- COLLECTED DATA:
- Opening Delimiter -

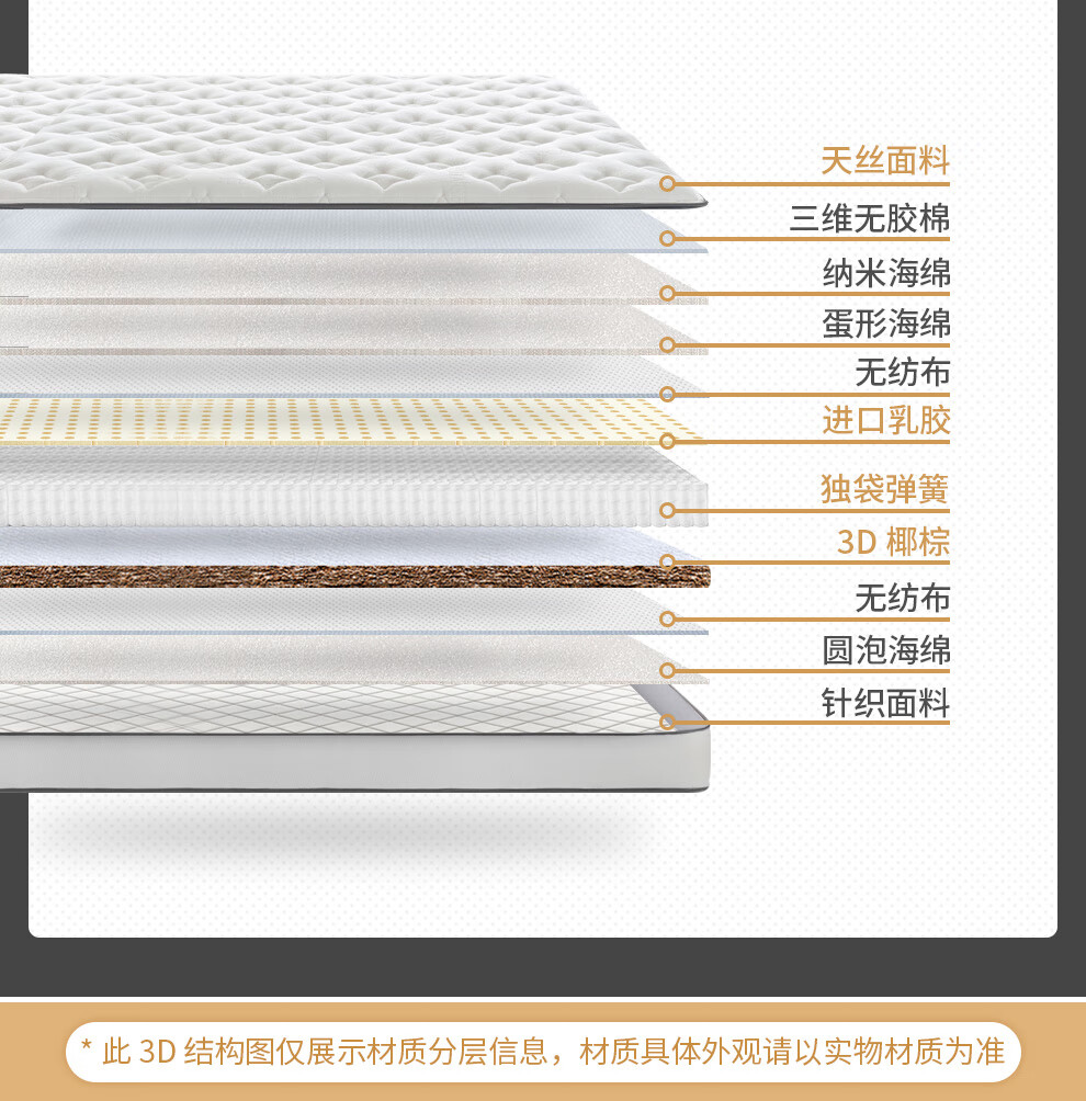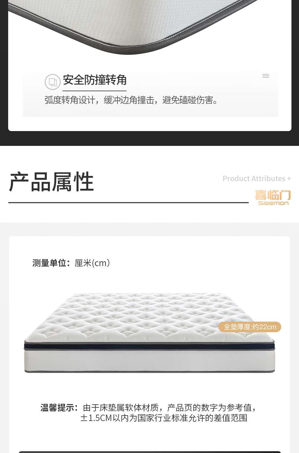 喜临门床垫 乳胶椰棕床垫 独袋弹簧 软硬两用双面睡感 24cm 云寝8124 双面软硬两用床垫1800*2000(1500*2000)
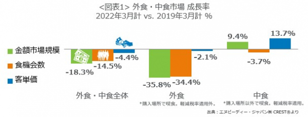 外食・中食市場情報サービス『CREST(R)*1』を提供するエヌピーディー・ジャパン株式会社(東京都港区、クリストス・クリストフォロー代表)は、外食・中食市場2022年3月の動向分析レポートを2022年5月11日に公表します。
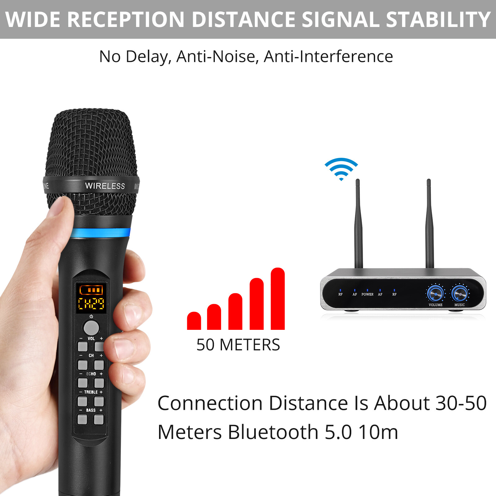 Description: UHF microphone system, Ultra high frequency signal transmission, offers powerful and stable wireless connection, allows to deliver your voice without delay or interference, crisp vocal & excellent sound reproduction Unlike other low Grade VHF unit. Ideal for karaoke machines, DJ, singing, Church, weddings, Speaker, amplifiers, PA systems. Our advantages: 1. Rechargeable microphone (different from regular microphones) 2. With Bluetooth (used to connect to mobile phones and TV to play music) 3. Microphone with high and low reverberation and volume adjustment (multifunctional microphone) 4. The host comes with music volume control and microphone volume control (multi-functional host) 5. Microphone input interface (can connect multiple sets of microphones) 6. 3.5mm AUX input output + 6.35mm output (AUX input can be connected to TV for music input, AUX output can provide stereo sound) 7. One in two charging cable (charging two microphones simultaneously) Specification: Receiver desktop Frequency: U band Frequency stability: <0.002% Sensitivity: 2/MV Adjacent channel interference ratio: >90DB Mirror interference ratio: >88DB SNR: >95DB Audio output: 0-300MV Working range: standard conditions 20 to 50 meters Accepted channel: 2 channels Power supply voltage: AC/100-240V Bluetooth: 5.0 Antenna: External antenna Launch handheld Carrier frequency: U band Frequency stability: <0.002% Transmit power: 10MV Current consumption: <25MA Subharmonic:
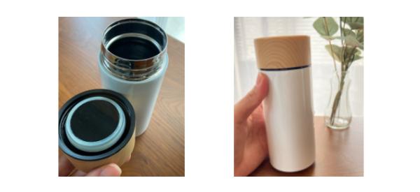 夏が近づき、保冷効果のある水筒が欲しいと思い、こちらの300mlのホワイトを購入しました。なんといってもこの見た目がとってもかわいいです。木目のキャップにホワイトの本体なので、シンプルでおしゃれな、これ一つで女子力が上がった気分になります。

- Closing Delimiter -

- EXERCISE GOAL: Return the data word for word without its pictures.

- COMPLETED EXERCISE:
 喜临门床垫 乳胶椰棕床垫 独袋弹簧 软硬两用双面睡感 24cm 云寝8124 双面软硬两用床垫1800*2000(1500*2000)
 外食・中食市場情報サービス『CREST(R)*1』を提供するエヌピーディー・ジャパン株式会社(東京都港区、クリストス・クリストフォロー代表)は、外食・中食市場2022年3月の動向分析レポートを2022年5月11日に公表します。
 Description: UHF microphone system, Ultra high frequency signal transmission, offers powerful and stable wireless connection, allows to deliver your voice without delay or interference, crisp vocal & excellent sound reproduction Unlike other low Grade VHF unit. Ideal for karaoke machines, DJ, singing, Church, weddings, Speaker, amplifiers, PA systems. Our advantages: 1. Rechargeable microphone (different from regular microphones) 2. With Bluetooth (used to connect to mobile phones and TV to play music) 3. Microphone with high and low reverberation and volume adjustment (multifunctional microphone) 4. The host comes with music volume control and microphone volume control (multi-functional host) 5. Microphone input interface (can connect multiple sets of microphones) 6. 3.5mm AUX input output + 6.35mm output (AUX input can be connected to TV for music input, AUX output can provide stereo sound) 7. One in two charging cable (charging two microphones simultaneously) Specification: Receiver desktop Frequency: U band Frequency stability: <0.002% Sensitivity: 2/MV Adjacent channel interference ratio: >90DB Mirror interference ratio: >88DB SNR: >95DB Audio output: 0-300MV Working range: standard conditions 20 to 50 meters Accepted channel: 2 channels Power supply voltage: AC/100-240V Bluetooth: 5.0 Antenna: External antenna Launch handheld Carrier frequency: U band Frequency stability: <0.002% Transmit power: 10MV Current consumption: <25MA Subharmonic:
 夏が近づき、保冷効果のある水筒が欲しいと思い、こちらの300mlのホワイトを購入しました。なんといってもこの見た目がとってもかわいいです。木目のキャップにホワイトの本体なので、シンプルでおしゃれな、これ一つで女子力が上がった気分になります。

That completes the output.